*** Opening of RECORDED DATA ***

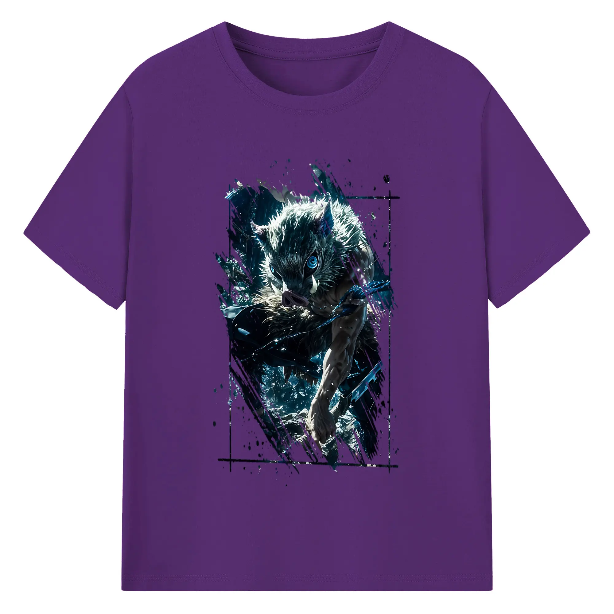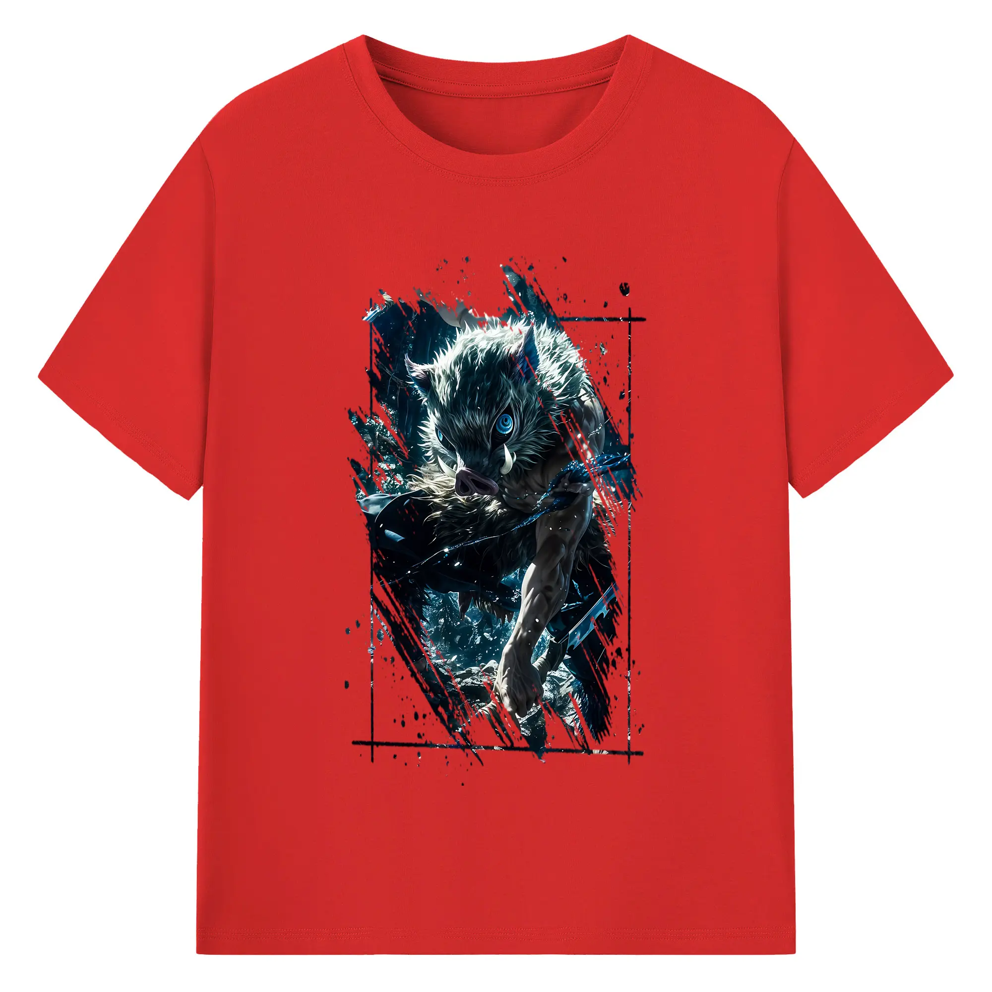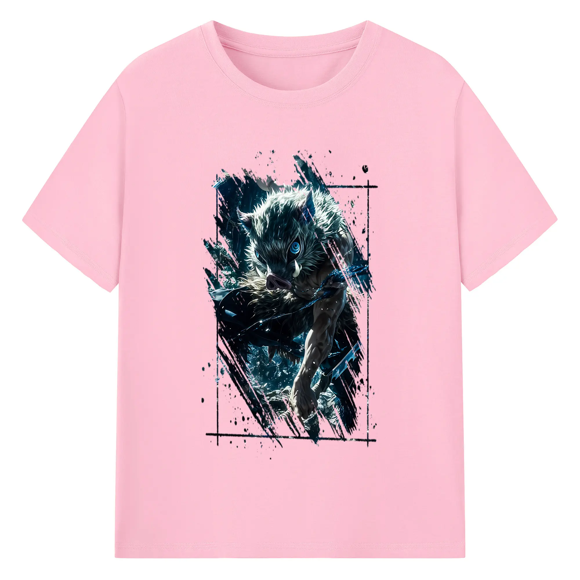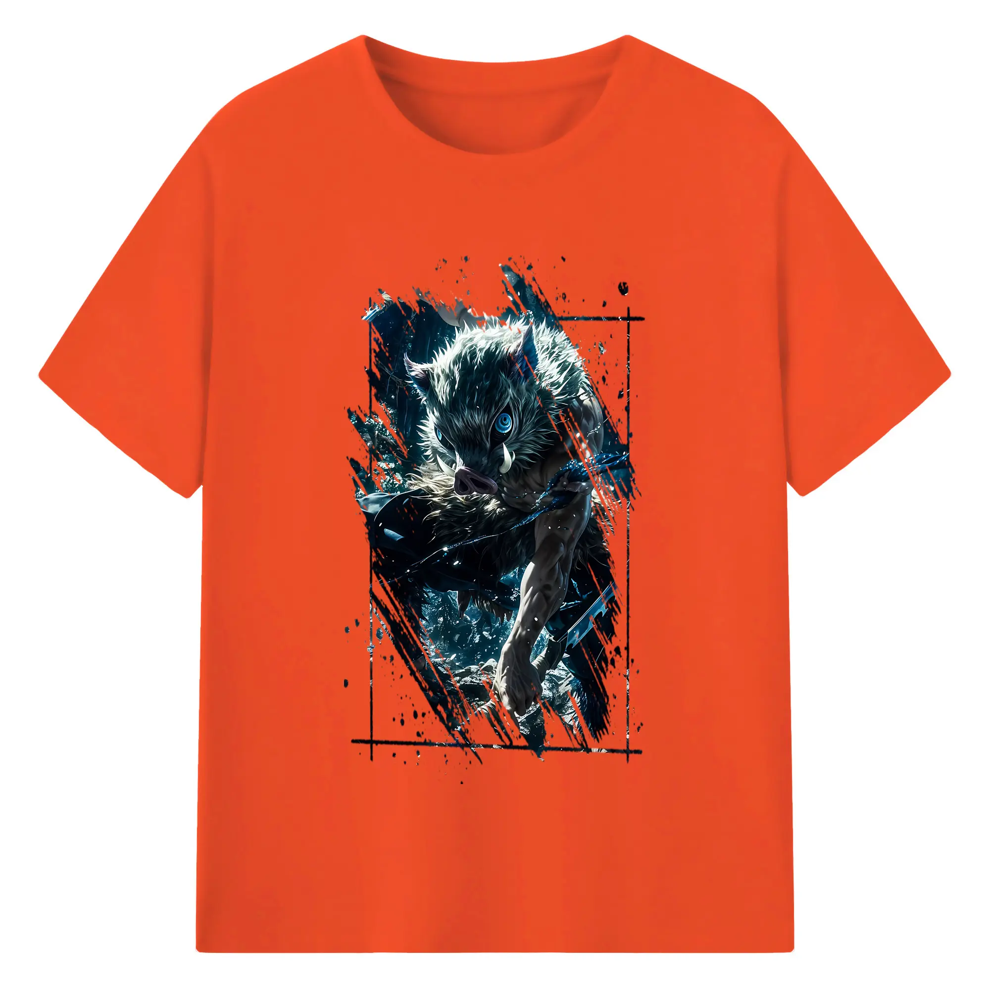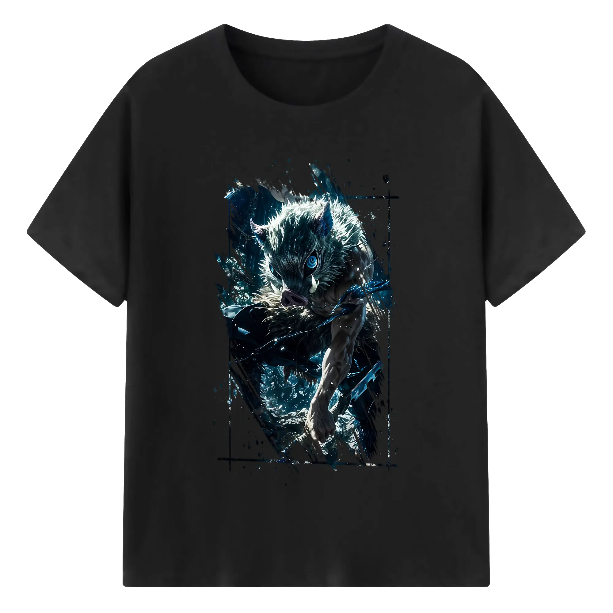 鬼滅の刃 グッズ,嘴平 伊之助 - 綿100% 半袖Tシャツ ・ バックプリント ・ 快適 通気性 ・ 日常使い 散歩 スポーツ用
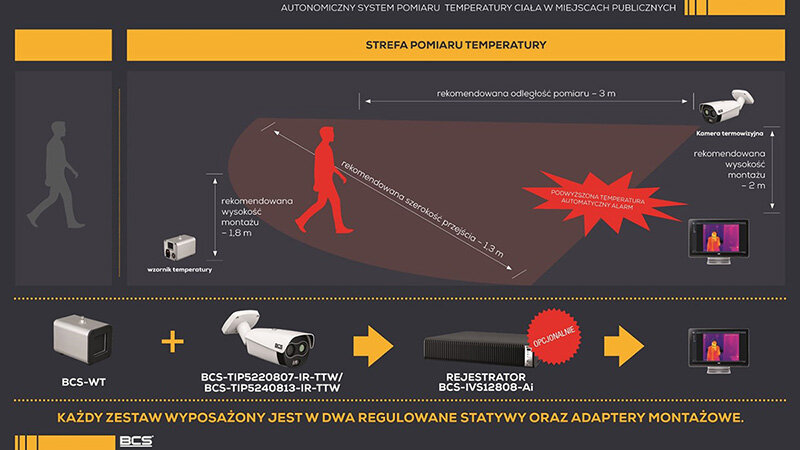 - The system continuously, automatically and without contact measures the temperature of the bodies of people within its range.
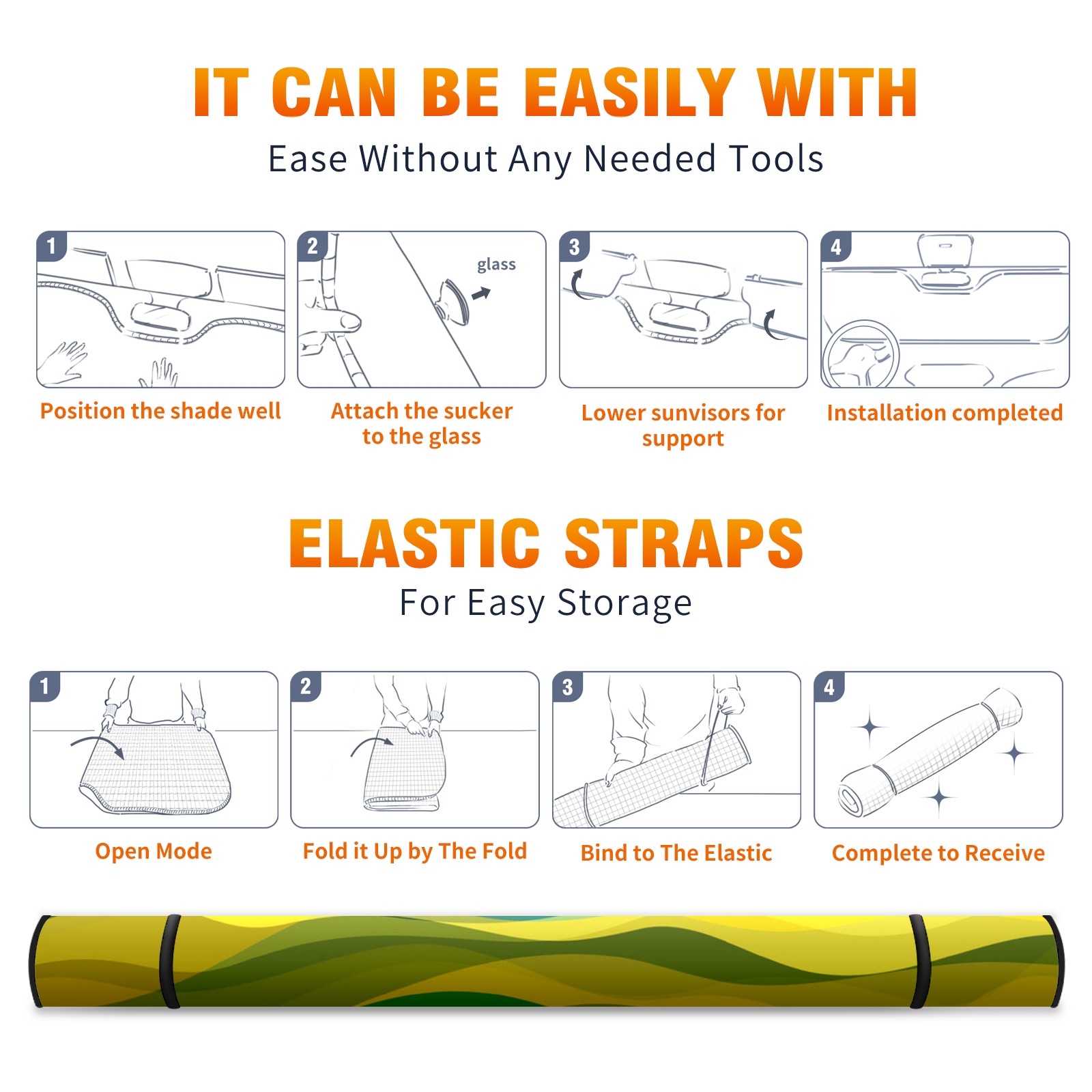 • Diameter /Size 63"L x 33.5"W Made from excellent materials which makes it sturdy and protects the car from the sun. Easy to use and pack. Makes the interior of the car cooler.You can easily stash the sunshade in the storage bag or store long term.It open and closes easy. Also the leather storage bag is durable and easy to put the umbrella back into.This windshield sunshade provides complete coverage and keeps your car interior cool under direct sun. It is easy to open and position under the windshield and around the rear-view mirror. Makes Your Car Easy To Identify, Perfect For Finding Your Car In Crowded Parking Lots And Garages.Great Choice: It Is A Great Gift For Dad, Boyfriend, Brother, Brother And Uncle, Friends, Classmates, Family And So On. Notice: Due To Difference Computer Monitors, The Color Maybe Slightly Different From Picture. As Different Measurement Methods, Measurement Data Will Float Within 2%.I Hope You Understand. If You Have Any Question About The Item Please Do Not Hesitate To Contact Us Immediately And We Will Give You A Satisfactory Reply Within 24 Hours.

*** Close of RECORDED DATA ***

TASK INSTRUCTIONS
Copy the listing verbatim, omitting images.

RESULT OF THIS TASK
 鬼滅の刃 グッズ,嘴平 伊之助 - 綿100% 半袖Tシャツ ・ バックプリント ・ 快適 通気性 ・ 日常使い 散歩 スポーツ用
 - The system continuously, automatically and without contact measures the temperature of the bodies of people within its range.
 • Diameter /Size 63"L x 33.5"W Made from excellent materials which makes it sturdy and protects the car from the sun. Easy to use and pack. Makes the interior of the car cooler.You can easily stash the sunshade in the storage bag or store long term.It open and closes easy. Also the leather storage bag is durable and easy to put the umbrella back into.This windshield sunshade provides complete coverage and keeps your car interior cool under direct sun. It is easy to open and position under the windshield and around the rear-view mirror. Makes Your Car Easy To Identify, Perfect For Finding Your Car In Crowded Parking Lots And Garages.Great Choice: It Is A Great Gift For Dad, Boyfriend, Brother, Brother And Uncle, Friends, Classmates, Family And So On. Notice: Due To Difference Computer Monitors, The Color Maybe Slightly Different From Picture. As Different Measurement Methods, Measurement Data Will Float Within 2%.I Hope You Understand. If You Have Any Question About The Item Please Do Not Hesitate To Contact Us Immediately And We Will Give You A Satisfactory Reply Within 24 Hours.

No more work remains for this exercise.